Walther von der Vogelweide, Philippston (L 18,29; 19,5) Historische Situation Sommer 1198: zwei gekrönte deutsche Könige (s. Reichston). Otto IV., gekrönt 12. 7.1198 Juli in Aachen (am richtigen Ort), mit imitierten Insignien, Philipp von Schwaben, gekrönt am 8.9.1198 in Mainz (am falschen Ort) mit den echten Insignien. Walther von der Vogelweide wirbt für die Anerkennung Philipps von Schwaben.

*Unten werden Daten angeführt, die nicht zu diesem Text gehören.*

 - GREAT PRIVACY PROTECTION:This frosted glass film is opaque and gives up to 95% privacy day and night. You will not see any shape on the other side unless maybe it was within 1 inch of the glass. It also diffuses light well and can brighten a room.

Walther von der Vogelweide, Philippston (L 18,29): Diu krône ist elter 1. Stollen (v. 1-3): Die Krone ist älter als Philipp, dennoch hat der damalige Schmied sie genau passend für den jetzigen Träger, Philipp, gemacht. 2. Stollen (v. 4-6): sie, die Krone und Philipp, passen so gut zueinander, dass niemand sie trennen soll. Abgesang (v. 7-12): Philipp unter der Krone: eine Augenweide für alle Fürsten. Wer jetzt noch an ihm zweifelt, achte auf den Waisen, den Solitär in der Krone, und folge diesem leitesterne (vgl. die Erzählung von den drei Weisen aus dem Morgenland: „wir haben seinen Stern gesehen und sind gekommen, ihn anzubeten.“ Evangelium nach Matthäus, cap. 2).

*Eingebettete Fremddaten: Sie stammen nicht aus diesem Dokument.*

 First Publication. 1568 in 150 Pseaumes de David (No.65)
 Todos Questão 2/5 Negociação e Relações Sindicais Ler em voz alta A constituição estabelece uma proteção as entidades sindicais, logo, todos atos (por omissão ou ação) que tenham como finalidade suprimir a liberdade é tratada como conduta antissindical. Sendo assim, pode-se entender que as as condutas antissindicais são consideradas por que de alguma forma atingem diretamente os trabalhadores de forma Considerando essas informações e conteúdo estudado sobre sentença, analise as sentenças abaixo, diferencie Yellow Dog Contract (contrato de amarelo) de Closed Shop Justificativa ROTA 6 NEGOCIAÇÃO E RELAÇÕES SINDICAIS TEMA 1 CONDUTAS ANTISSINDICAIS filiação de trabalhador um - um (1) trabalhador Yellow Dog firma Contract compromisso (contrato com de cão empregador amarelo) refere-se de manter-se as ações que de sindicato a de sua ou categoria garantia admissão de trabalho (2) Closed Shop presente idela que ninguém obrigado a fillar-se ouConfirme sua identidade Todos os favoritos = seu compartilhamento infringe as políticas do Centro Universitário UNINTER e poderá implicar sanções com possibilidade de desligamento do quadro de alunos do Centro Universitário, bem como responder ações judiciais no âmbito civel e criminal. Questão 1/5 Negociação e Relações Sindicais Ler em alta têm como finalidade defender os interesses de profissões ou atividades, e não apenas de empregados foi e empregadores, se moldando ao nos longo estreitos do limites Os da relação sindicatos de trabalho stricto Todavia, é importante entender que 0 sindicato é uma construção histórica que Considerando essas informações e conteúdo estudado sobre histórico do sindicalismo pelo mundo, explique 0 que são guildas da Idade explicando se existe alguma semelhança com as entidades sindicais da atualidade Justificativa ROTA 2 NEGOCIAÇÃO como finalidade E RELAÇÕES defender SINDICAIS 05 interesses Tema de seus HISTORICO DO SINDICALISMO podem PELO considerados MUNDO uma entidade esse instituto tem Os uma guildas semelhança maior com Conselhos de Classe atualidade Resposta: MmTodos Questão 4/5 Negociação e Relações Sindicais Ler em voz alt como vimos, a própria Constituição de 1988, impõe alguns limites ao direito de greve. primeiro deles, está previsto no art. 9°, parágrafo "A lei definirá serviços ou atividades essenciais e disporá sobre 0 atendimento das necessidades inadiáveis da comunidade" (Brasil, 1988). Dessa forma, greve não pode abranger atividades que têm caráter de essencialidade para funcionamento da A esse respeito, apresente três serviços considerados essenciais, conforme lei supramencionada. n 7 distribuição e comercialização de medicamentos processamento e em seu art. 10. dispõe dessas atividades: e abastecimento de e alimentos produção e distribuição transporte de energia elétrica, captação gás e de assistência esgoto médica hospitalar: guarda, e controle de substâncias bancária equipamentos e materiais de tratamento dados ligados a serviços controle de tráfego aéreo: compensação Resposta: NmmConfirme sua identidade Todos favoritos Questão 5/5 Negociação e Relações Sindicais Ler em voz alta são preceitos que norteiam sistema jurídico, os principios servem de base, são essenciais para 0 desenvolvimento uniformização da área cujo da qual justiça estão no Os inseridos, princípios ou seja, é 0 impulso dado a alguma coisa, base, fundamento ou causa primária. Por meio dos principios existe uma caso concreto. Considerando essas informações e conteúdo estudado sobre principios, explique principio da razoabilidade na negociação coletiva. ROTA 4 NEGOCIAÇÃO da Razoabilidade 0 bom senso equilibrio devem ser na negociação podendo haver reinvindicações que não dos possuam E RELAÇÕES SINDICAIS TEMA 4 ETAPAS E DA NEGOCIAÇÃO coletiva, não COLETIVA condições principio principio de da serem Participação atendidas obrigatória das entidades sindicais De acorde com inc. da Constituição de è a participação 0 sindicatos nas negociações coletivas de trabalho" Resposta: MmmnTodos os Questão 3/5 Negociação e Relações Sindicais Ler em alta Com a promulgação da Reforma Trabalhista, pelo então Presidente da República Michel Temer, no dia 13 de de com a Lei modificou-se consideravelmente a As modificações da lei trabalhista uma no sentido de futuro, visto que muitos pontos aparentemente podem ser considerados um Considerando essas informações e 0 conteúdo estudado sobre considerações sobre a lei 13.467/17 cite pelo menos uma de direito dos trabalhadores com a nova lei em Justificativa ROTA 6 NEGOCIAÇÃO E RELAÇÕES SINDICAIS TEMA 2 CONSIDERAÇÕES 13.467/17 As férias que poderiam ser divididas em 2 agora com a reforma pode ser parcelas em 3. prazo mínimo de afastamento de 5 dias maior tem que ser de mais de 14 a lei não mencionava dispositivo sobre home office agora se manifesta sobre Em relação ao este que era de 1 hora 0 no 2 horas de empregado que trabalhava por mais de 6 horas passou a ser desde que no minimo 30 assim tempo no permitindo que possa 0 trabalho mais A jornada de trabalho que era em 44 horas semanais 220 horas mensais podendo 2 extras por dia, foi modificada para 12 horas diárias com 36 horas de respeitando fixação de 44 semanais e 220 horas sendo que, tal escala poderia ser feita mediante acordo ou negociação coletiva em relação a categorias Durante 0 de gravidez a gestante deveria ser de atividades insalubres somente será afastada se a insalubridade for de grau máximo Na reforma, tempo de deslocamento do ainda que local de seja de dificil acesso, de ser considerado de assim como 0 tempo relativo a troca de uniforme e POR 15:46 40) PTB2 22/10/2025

Walther von der Vogelweide, Philippston (L 19,5): Ez gienc eines tages Weihnachtsmesse 1198 im Magdeburger Dom. Philipp, eins keisers bruoder (Bruder Kaiser Heinrichs VI.,† 1197 ) und eins keisers kint (Sohn Kaiser Friedrichs I. Barbarossa): drei in einem Gewand (Vorstellung einer weltlichen -> Trinität). Seine Gemahlin: Irene/Maria, Tochter des Kaisers von Byzanz. Symbole der Jungfrau Maria: Rose ohne Dornen; Taube ohne Galle. Die Fürsten in der Rolle der drei Weisen aus dem Morgenlande (vgl. Mt. 2).

Kaiserkrone Ottos I., 10.Jh. Ansicht von schräg vorne Wien, Schatzkammer der Hofburg. Christus als Weltenrichter zwischen zwei Cherubim. Beischrift: Per me reges regnant

Kaiserkrone Ottos I., 10.Jh. Seitenplatte:Christus als Weltenrichter. Per me reges regnant Wien, Schatzkammer der Hofburg

Kaiserkrone Ottos I., 10.Jh. Seitenplatte: Rex David. Spruchband: Honor regis iudicium diligit. Wien, Schatzkammer der Hofburg

Kaiserkrone Ottos I., 10.Jh. Seitenplatte: Rex Salomon. Mit Spruchband Wien, Schatzkammer der Hofburg

Zusammenfassung: Minnesang und Sangspruch Frühe Texte: Donauländischer Minnesang, um 1150-70. Ab etwa 1170 Kontakte mit der Lyrik der Romania (Trobadors; Trouvères). Übernahme des Modells der „Hohen Minne“, des Tagelieds, der Kanzonenform. Zahlreiche Kontrafakturen (Übernahme der Strophenform und Melodie) aus der romanischen Lyrik). Ab etwa 1180/90 interne Gattungsentwicklung der deutschsprachigen Liebeslyrik.

Sangspruchdichtung (s. RLW; Tervooren, Sangspruchdichtung) Träger: fahrende Sänger, „Künstlerproletariat“. Entlohnung je nach Anlass und publizistischer Wirkung. Form: in der Frühzeit Langzeilenstrophen (Autoren: Herger, Spervogel, s. VL); Bald (gegen 1180) wird die auch im Minnesang vorherrschende Kanzonenform übernommen. Ausbau der Gattung in formaler und thematischer Hinsicht durch Walther von der Vogelweide. Weiterwirken der Gattung bis ins 15. Jh. Töne (Melodien) der Alten Meister des Sangspruchs werden im Meistergesang (15.-17. Jh.) übernommen und weitergeführt.